● SUPPLIED MATERIAL
"""
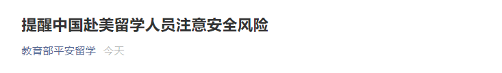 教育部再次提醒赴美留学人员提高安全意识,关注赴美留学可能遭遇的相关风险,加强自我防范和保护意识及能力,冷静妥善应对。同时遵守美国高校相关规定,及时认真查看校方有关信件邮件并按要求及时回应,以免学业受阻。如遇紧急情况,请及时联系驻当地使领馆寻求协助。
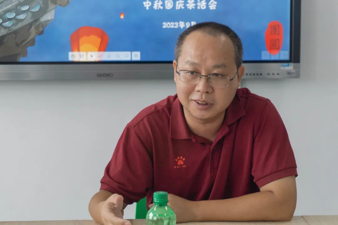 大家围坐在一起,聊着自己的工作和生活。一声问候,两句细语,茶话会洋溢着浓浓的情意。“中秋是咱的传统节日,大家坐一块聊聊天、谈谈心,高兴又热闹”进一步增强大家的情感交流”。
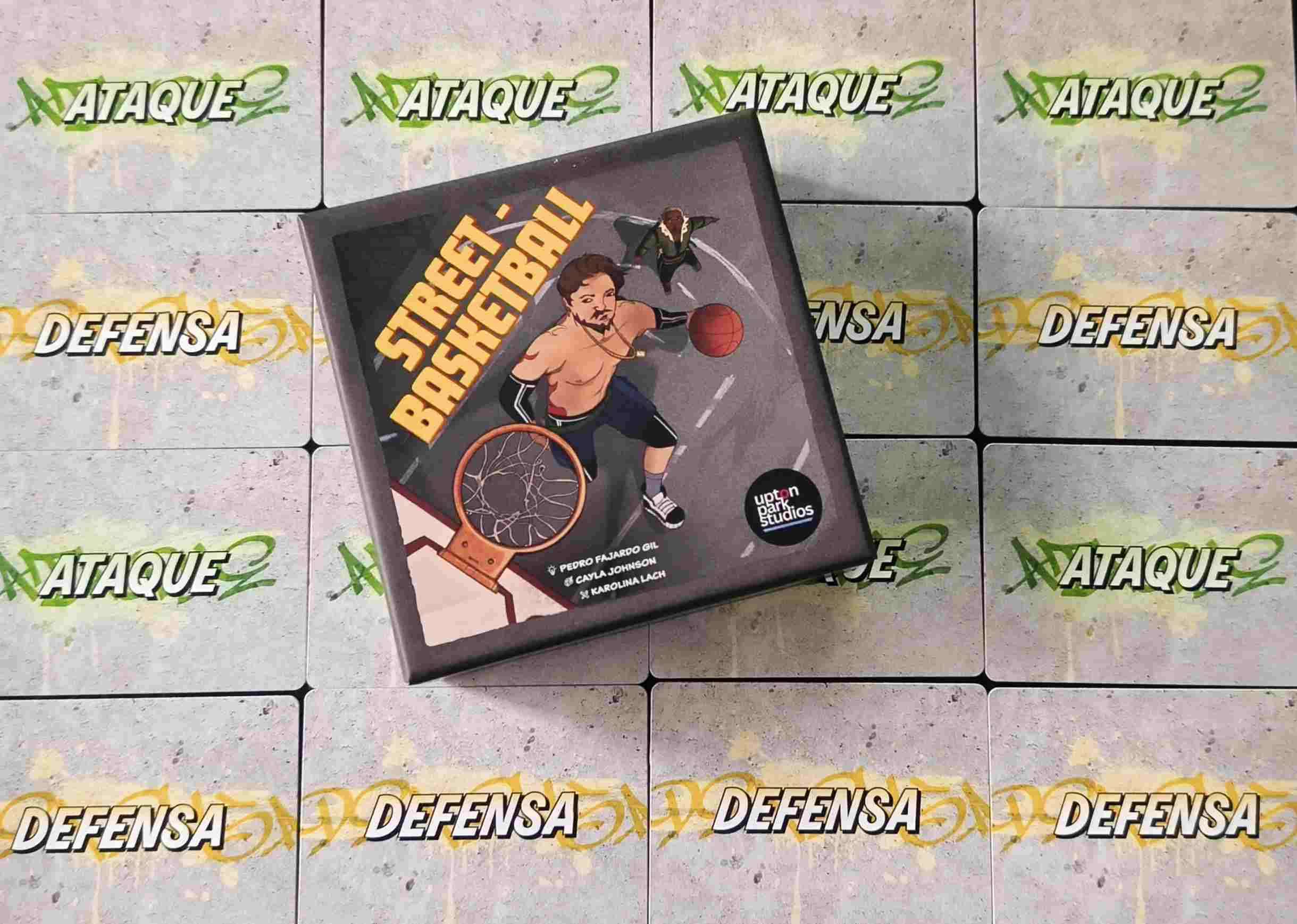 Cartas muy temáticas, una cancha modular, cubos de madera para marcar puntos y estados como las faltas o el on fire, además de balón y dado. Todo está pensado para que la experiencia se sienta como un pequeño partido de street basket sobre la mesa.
"""
● EXERCISE
Leave out the pictures; repeat the data exactly.

● SOLUTION
 教育部再次提醒赴美留学人员提高安全意识,关注赴美留学可能遭遇的相关风险,加强自我防范和保护意识及能力,冷静妥善应对。同时遵守美国高校相关规定,及时认真查看校方有关信件邮件并按要求及时回应,以免学业受阻。如遇紧急情况,请及时联系驻当地使领馆寻求协助。
 大家围坐在一起,聊着自己的工作和生活。一声问候,两句细语,茶话会洋溢着浓浓的情意。“中秋是咱的传统节日,大家坐一块聊聊天、谈谈心,高兴又热闹”进一步增强大家的情感交流”。
 Cartas muy temáticas, una cancha modular, cubos de madera para marcar puntos y estados como las faltas o el on fire, además de balón y dado. Todo está pensado para que la experiencia se sienta como un pequeño partido de street basket sobre la mesa.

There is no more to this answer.